The seeding window for this season’s Australian winter crop is now wide open, and growers are sowing around the clock in many regions. Those growers that have had good autumn rains are taking advantage of the ideal soil moisture and soil temperature conditions, an indulgence many have not experienced for up to three or four years.
The turnaround in the soil moisture profile in New South Wales has been phenomenal. Almost all of the cropping districts have had more than 150 per cent of average rainfall for the three months ending April 30. Most farms in the more marginal areas west of the Newell Highway have received more than double their average for the same period.

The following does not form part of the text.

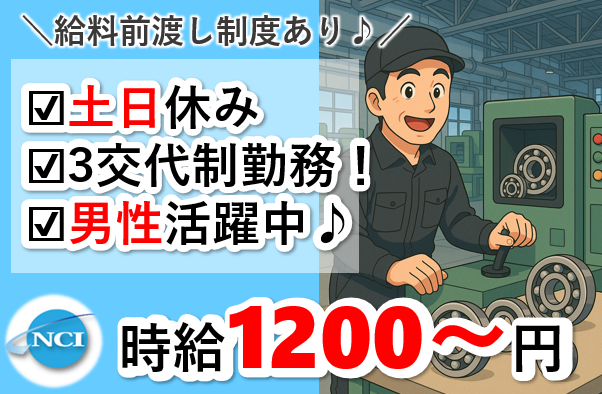 仕事内容 【業務内容】 自動車部品を製造している 会社での勤務になります。 ~主なお仕事の流れ~ 製造オペレーターと呼ばれる 作業を担当していただきます! 具体的な業務は下記になります。 ・マシンを操作 ・材料を配膳する作業 ・寸法確認 ・簡単な検査 ※基本的に立ち作業になります。 ※マシン操作は未経験でもできる カンタンな作業になります。 〇自動車のエンジン部分に 使用される部品の 製造オペレーターのお仕事です! 〇オペレーターと聞くと 難しい作業を想像するかもしれませんが ほとんどのスタッフさんが 製造経験未経験で お仕事をスタートされています! 気軽に工場見学だけでも お気軽にご相談ください! 〇稼げる3交代制勤務!! 1週間ごとの交代制になります。 ○土日休みのお仕事! 長期連休ももちろん完備!! プライベートとの両立も可能です! ===ここもチェック!=== 主婦・主夫活躍中 フリーター活躍中 ブランクOK 学歴不問 即日勤務OK 禁煙・分煙 未経験スタート多数 未経験者活躍中 友達と応募OK 転勤なし 急募 土日休み 長期 直接雇用制度あり 40代応募可 50代応募可 =================

This is excellent news for farmers in the drought-ravaged central-western and north-western areas, many of whom have grown very little grain since the bumper harvest in 2016. These are the big swing areas of the state, and when they get a good start production can be huge. With a good moisture profile at the ideal time sowing time, there will be a massive increase in the states planted area and near-record production is a possibility if the season is kind.

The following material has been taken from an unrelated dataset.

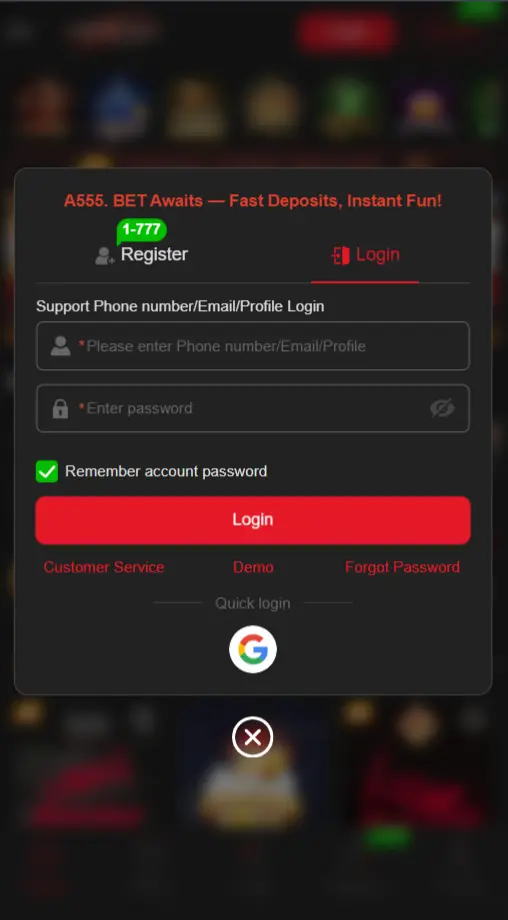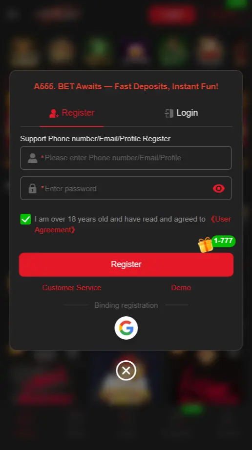Register on A555 Game

A New South Wales wheat crop approaching 9 million metric tonnes (MMT) is undoubtedly on the cards, especially with the positive three-month rainfall outlook issued by the Bureau of Meteorology (BOM) last week. Barley production in excess of 2MMT, canola production of 1MMT and chickpea production of 0.4MMT are realistic expectations at this early stage in the crop calendar.
Victoria is in a very similar situation. The northern parts of the state suffered dreadfully from a poor spring in 2019. They have received upwards of 150 per cent of their average for the February to April period. Conversely, the southwestern parts of the state, who had a cracking 2019 crop, have not fared as well but are still above average.
With the great start to the planting season production of 4MMT of wheat, 1.9MMT of barley and 0.7MMT of canola is quite achievable in Victoria assuming at least average monthly rainfall for the balance of the season.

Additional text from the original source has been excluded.